[Supplied records — start]

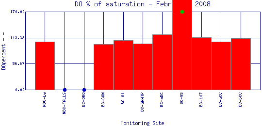 Longitudinal DO Percent of Saturation Profiles for February, 2008
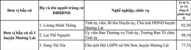 Đối với đại biểu HĐND cấp huyện, thị xã, TP cử tri đã bầu được 993 đại biểu trên tổng số 999 đại biểu được ấn định (thiếu 6 đại biểu). Đối với đại biểu HĐND cấp xã, phường, thị trấn cử tri đã bầu được 16.031 đại biểu trên tổng số 16.439 đại biểu đã ấn định (thiếu 408 đại biểu).
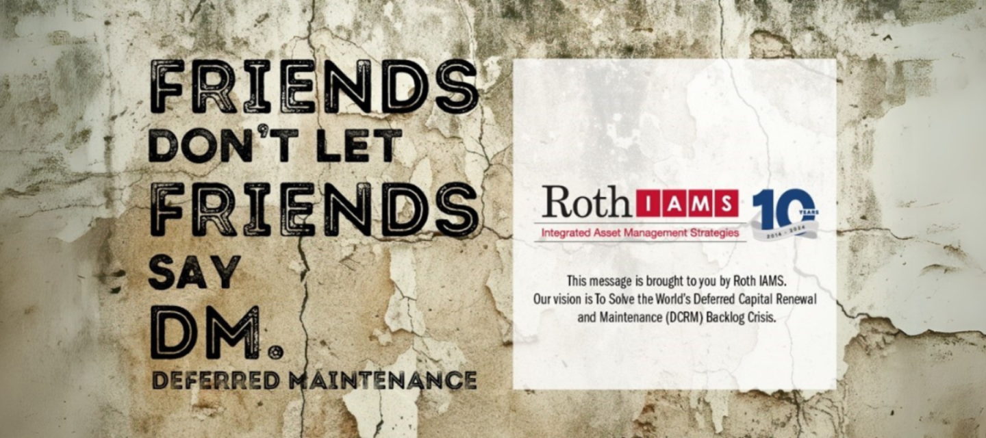 The terminology that we at Roth IAMS use instead is Deferred Capital Renewal and Maintenance (DCRM). As I have explained before, most of what has been called DM in the past is actually capital renewal. However, although a much smaller part of the problem, maintenance issues are also often included. Additionally, many organizations have different definitions of maintenance. This is why we have chosen not to throw the baby (the term maintenance) out with the bath water (the term DM) and use DCRM, which expands the definition, without losing the maintenance element.
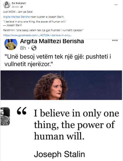 Në një postim të fundit, Argita Malltezi ka cituar në një postim të saj shprehjen e ish-udhëheqësit komunist të Bashkimit Sovietik, Joseph Stalin.
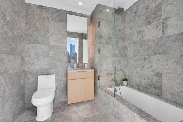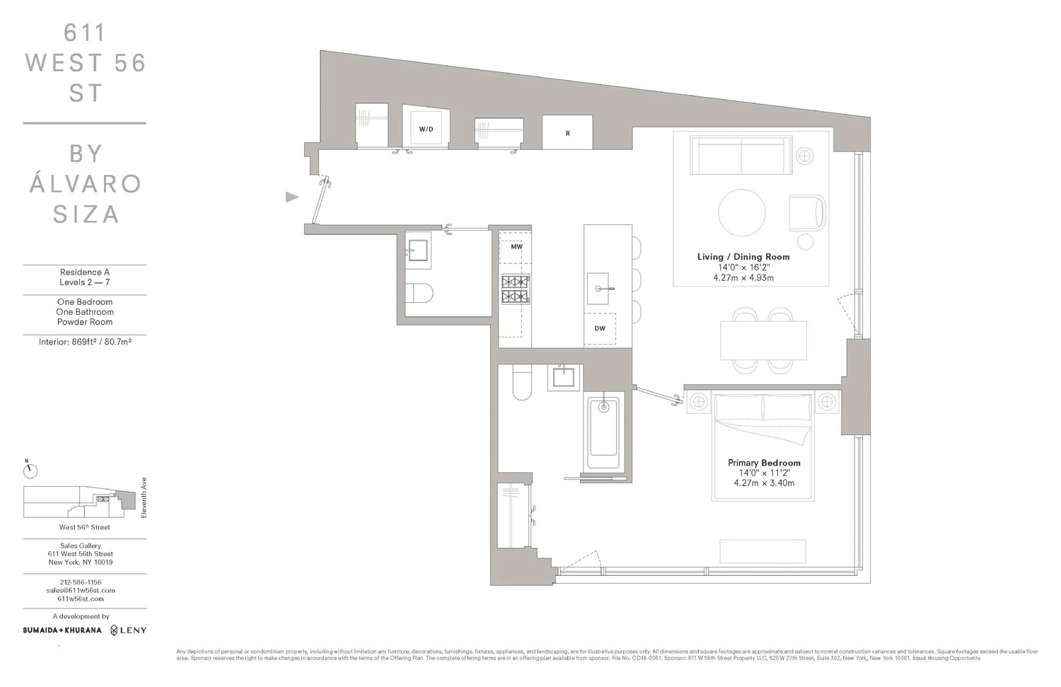 Presenting 1 BED 1 1/2 Baths residence 7A at 611 West 56th Street. This one-of-a-kind southeast-facing corner one-bedroom, one-and-a-half-bath residence spans an impressive 868 square feet, offering refined elegance, abundant natural light, and contemporary sophistication. The coveted A-line layout is bathed in sunlight through oversized corner windows, complemented by wide-plank white oak flooring and a serene neutral palette. A discreet powder room near the entryway adds a touch of privacy for guests while entertaining.
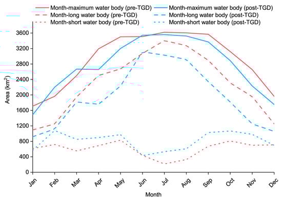 The seasonal behavior of the water body area in the two periods was also graphed. In Figure 10, the three types of monthly water body areas show different variation patterns. As mentioned in Section 2.3.1, the month-long water is the surface water appears most (i.e., more than three quarters) of the time in a month, while the occurrence time of month-short water is less than the month-long water within a month. The month-maximum water body area is the sum of the month-long water body area and month-short water body area, which indicates the maximum area of surface water body in a month. The month-maximum water body area of Poyang Lake had an “up-steady-down” pattern of variation: the area grew steadily beginning in January (except for a small drop in April in the post-TGD period), kept a stable and high level in the summer, and began to decrease in autumn. The month-long water body area presented a similar pattern but had a shorter steady stage. The month-short water body area had more wave crests and did not show a typical pattern of inner-annual fluctuation. Comparing the water body area between the two periods in Poyang Lake, we could find that in most months, the month-maximum and month-long water body areas in the pre-TGD period were larger than those in the post-TGD period, and the month-short water body area showed the opposite trend.
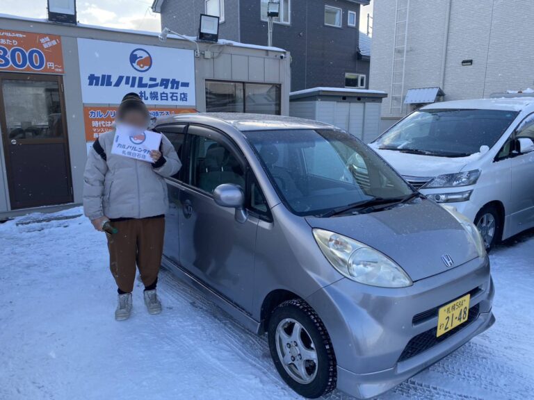 ご利用プラン Cラスを66日間ご利用中 レンタカー利用用途 冬季北海道旅行 スタッフから一言 記念撮影にもご協力頂き誠にありがとうございます。 当店 カルノリレンタカー札幌白石店 は、北海道札幌市白石区を拠点に 格安レンタカー・長期レンタカー・マンスリーレンタカー を幅広くご提供しています。 観光やビジネス、札幌近郊ドライブなど、さまざまなシーンで快適にご利用いただけるよう、全車両を常に点検・清掃 […]
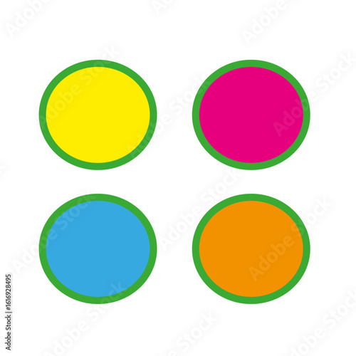 Colorful circles set. Green outline shapes. Geometric round elements. Vector spot illustration.
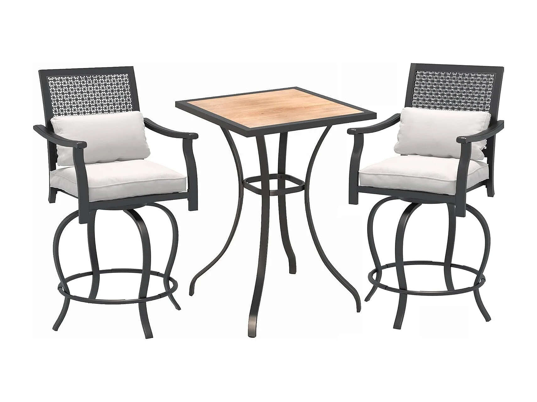 YODOLLA Ensemble de Bar Extérieur 3 pièces, 1 Table Haute + 2 Tabourets Hauts Rotatifs 360° en Métal pour Jardin & Patio, Noir
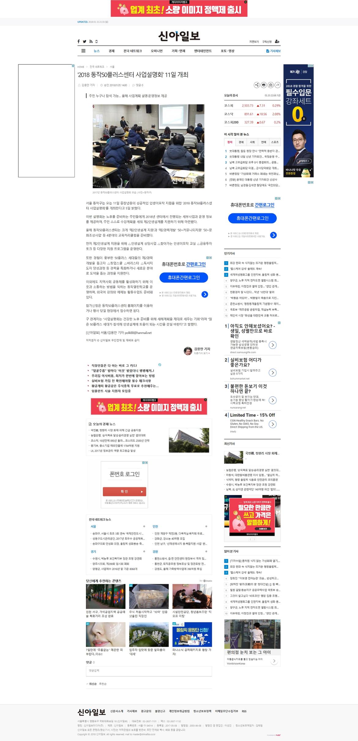 (180105 신아일보) '2018 동작50플러스센터 사업설명회' 11일 개최

[Supplied records — finish]

▶ **What the exercise asks**
Final task for the records above: print exactly the lines from the one that contains "ご利用プラン Cラスを66日間ご利用中 レンタカー利用用途" through the last line, both ends included, pictures excluded.

▶ **Result of the task**
 ご利用プラン Cラスを66日間ご利用中 レンタカー利用用途 冬季北海道旅行 スタッフから一言 記念撮影にもご協力頂き誠にありがとうございます。 当店 カルノリレンタカー札幌白石店 は、北海道札幌市白石区を拠点に 格安レンタカー・長期レンタカー・マンスリーレンタカー を幅広くご提供しています。 観光やビジネス、札幌近郊ドライブなど、さまざまなシーンで快適にご利用いただけるよう、全車両を常に点検・清掃 […]
 Colorful circles set. Green outline shapes. Geometric round elements. Vector spot illustration.
 YODOLLA Ensemble de Bar Extérieur 3 pièces, 1 Table Haute + 2 Tabourets Hauts Rotatifs 360° en Métal pour Jardin & Patio, Noir
 (180105 신아일보) '2018 동작50플러스센터 사업설명회' 11일 개최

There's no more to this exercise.